Aravindan Vijayaraghavan; Abhratanu Dutta; Alex Wang

2017 NIPS NeurIPS 2017

Clustering Stable Instances of Euclidean k-means.

Abstract

The Euclidean k-means problem is arguably the most widely-studied clustering problem in machine learning. While the k-means objective is NP-hard in the worst-case, practitioners have enjoyed remarkable success in applying heuristics like Lloyd's algorithm for this problem. To address this disconnect, we study the following question: what properties of real-world instances will enable us to design efficient algorithms and prove guarantees for finding the optimal clustering? We consider a natural notion called additive perturbation stability that we believe captures many practical instances of Euclidean k-means clustering. Stable instances have unique optimal k-means solutions that does not change even when each point is perturbed a little (in Euclidean distance). This captures the property that k-means optimal solution should be tolerant to measurement errors and uncertainty in the points.
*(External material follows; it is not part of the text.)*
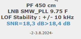 ►Eng_Classification of achieved results at f=11 599,760 MHz: Signal monitoring over a unit length of t=72 hours irrefutably proves that I have achieved 100% reception stability in practice, without a single interruption in Lock continuity throughout the entire monitoring period. The daily peak quality oscillated around an SNR of 18.4 dB, which provides an immediate quality margin of nearly 13 dB with, of course, a zero level of Viterbi Precorrection <1.0E-7. Occasional drops in instantaneous quality never exceeded an SNR of 9.7 dB.
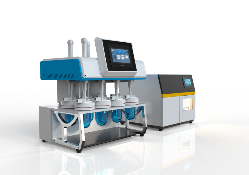 全自动溶出取样收集系统采用了模块化设计,由智能溶出度测试仪、自动取样器和样品收集器组成。采用8杯8桨设计,可进行同等水浴温度的补液操作,配合8路精密注射泵实现高精度自动过滤、取样和补液。最多可进行8片制剂或2批次制剂的溶出度实验。完全符合国家固体制剂一致性评价需求。

We design efficient algorithms that provably recover the optimal clustering for instances that are additive perturbation stable. When the instance has some additional separation, we can design a simple, efficient algorithm with provable guarantees that is also robust to outliers. We also complement these results by studying the amount of stability in real datasets, and demonstrating that our algorithm performs well on these benchmark datasets.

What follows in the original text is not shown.